Table 2 Summary of competing algorithms

To ensure a meaningful comparison, we measure performance for all methods based on the same stopping criteria. All algorithms perform two-way splitting. Splitting of tree nodes stops if homogeneity is achieved or if the minimum-probability limit is reached. We examine the performance of \(\hbox {C}4.5\) and \(\hbox {CART}\) with post-pruning (denoted with a prefix ‘p’) or without. We adopt the standard minimal cost-complexity pruning approach (Breiman et al. 1984), which prunes a tree node having many leaves if its impurity is no much larger than the total impurity of its leaves. The parameter that controls the stringency of the pruning is determined by cross-validation over a logspace from \(10^{-5}\) to 1.

Fig. 2
figure 2

The effect of the trade-off hyperparameter \(\lambda \). ROC AUC is on validation data, and expected tree height or tree size on training data

The only hyperparameter in our algorithm (\(\lambda \)) controls the trade-off between complexity and discrimination. The effect of \(\lambda \) is summarized in Fig. 2. For large values of \(\lambda \) our algorithms turn into the traditional tree-induction algorithms \(\hbox {C}4.5\) and \(\hbox {CART}\); on the other hand, if \(\lambda \) is zero, our algorithms turn into the greedy algorithm for the \(\hbox {ASR}\) problem. As we are working with a bi-criteria optimization problem, there is no golden rule in deciding the best value of the hyperparameter. In this experiment, we aim to decide a value of \(\lambda \) that preserves comparable accuracy while reduces the complexity as much as possible. Thus, we tune the hyperparameter \(\lambda \) by starting with a large \(\lambda \) and gradually decreasing it before a significant drop (larger than 1%) is seen in the predictive accuracy over the validation set. Note also that \(\lambda \) is invariant to the data size, as the greedy score only depends on the distributions before and after the split.

Fig. 3
figure 3

Critical difference for the Bonferroni-Dunn test on significance level \(\alpha =0.05\) for average ranks of algorithms among 20 tested datasets. Methods closer to the right end have a better rank. The method that is compared with other methods is p\(\hbox {EC}4.5\), and methods lying outside the thick interval are significantly different from p\(\hbox {EC}4.5\)

Fig. 4
figure 4

Critical difference for the Bonferroni-Dunn test on significance level \(\alpha =0.05\) for average ranks of algorithms among 20 tested datasets. Methods closer to the right end have a better rank. The method that is compared with other methods is p\(\hbox {ECART}\), and methods lying outside the thick interval are significantly different from p\(\hbox {ECART}\)

Fig. 5
figure 5

Performance results with unit test costs. All plots in the same row share the same x- and y-axes. Error bars are also shown

Results We evaluate all methods using \(\hbox {ROC AUC}\) as a measure of predictive power, expected cost as a measure of tree complexity, and tree size (i.e., the number of tree nodes) as an auxiliary measure of global tree complexity. A full result on tree size is deferred to Section D in Appendix. Reported results, shown in Fig. 5, are averages over 5 executions with random train-test splits. We conduct the Bonferroni-Dunn test with significance level \(\alpha =0.05\) for average ranks (Demšar 2006), and report the critical difference diagram in Figs. 3 and 4, where the proposed method p\(\hbox {EC}4.5\) (or p\(\hbox {ECART}\)) is tested against the other methods, and methods closer to the right end have a better rank. We see that the predictive power and tree complexity of p\(\hbox {ECART}\) and p\(\hbox {EC}4.5\) are statistically not significantly different from the respective best performer, while it is significantly better than most other baselines. Two methods \(\hbox {C}4.5\) and \(\hbox {CART}\) lead to similar behavior; we focus on \(\hbox {C}4.5\) below and discuss its results in details. Full results for \(\hbox {CART}\) and its enhancements are presented in the Appendix, Section C.

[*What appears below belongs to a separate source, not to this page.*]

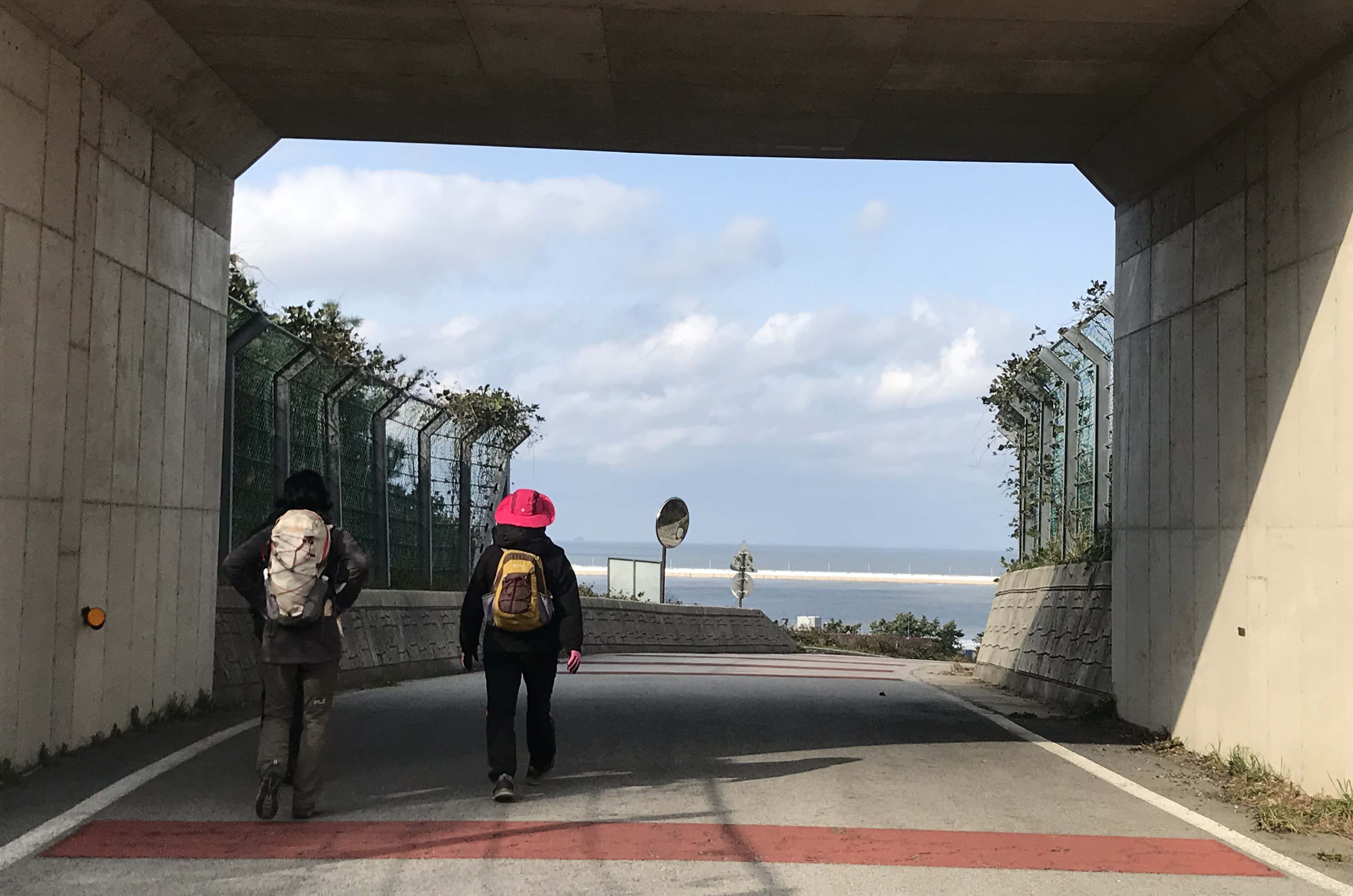 해안가에 위치한 고리포(古里浦) 마을을 앞두고, ⑤번째 마지막 필수경유지를 통과했다고 알려준다. 시점과 종점의 필수경유지를 제외한 중간 필수경유지를 모두 통과한 완주(5개중 3개만 통과해도 완주인정)가 되었다. 20여 가구가 살고 있다는 작은 마을에는 거북선모양을 한 숯불풍천장어 음식점이 있다. 방조제가 끝나는 코너에 있었던 음식점 홍보 사진처럼 1박2일 팀이 식사를 했던 장소 같다. 포구까지 가지 않고 코스는 우측 도로로 오르라 유도한다. 오늘 코스 중에서 제일 높다지만 완만한 고갯길 능선에 주씨고개 표시석을 세워져 있다.

It can be seen that post-pruning has a noticeable positive effect on both the accuracy and complexity for the \(\hbox {C}4.5\) algorithm. However, even after post-pruning, p\(\hbox {C}4.5\) is still ranked closely to un-pruned \(\hbox {EC}4.5\) in terms of the expected cost, and in some datasets, the expected cost of p\(\hbox {C}4.5\) is about two times larger than that of \(\hbox {EC}4.5\) in Fig. 5. This is reasonable because post-pruning mainly removes tree nodes near the bottom, but fails to rescue early bad splits near the root. On the other hand, post-pruning is significantly more beneficial than impurity reduction for the global tree size. Also note that post-pruning has less effect on \(\hbox {EC}4.5\) in terms of accuracy, which indicates that un-pruned \(\hbox {EC}4.5\) alone is robust to overfitting.

The decision tree produced by \(\hbox {BAL}\) is the worst in both aspects. This is expected for predictive power as \(\hbox {BAL}\) is an unsupervised method, but it is quite surprising for complexity. It turns out that \(\hbox {BAL}\) often has to keep expanding a balanced tree until the minimum leaf size is reached, as tree nodes rarely achieve homogeneity. This behavior reinforces the argument that discriminative tests help accelerating termination and reducing expected cost.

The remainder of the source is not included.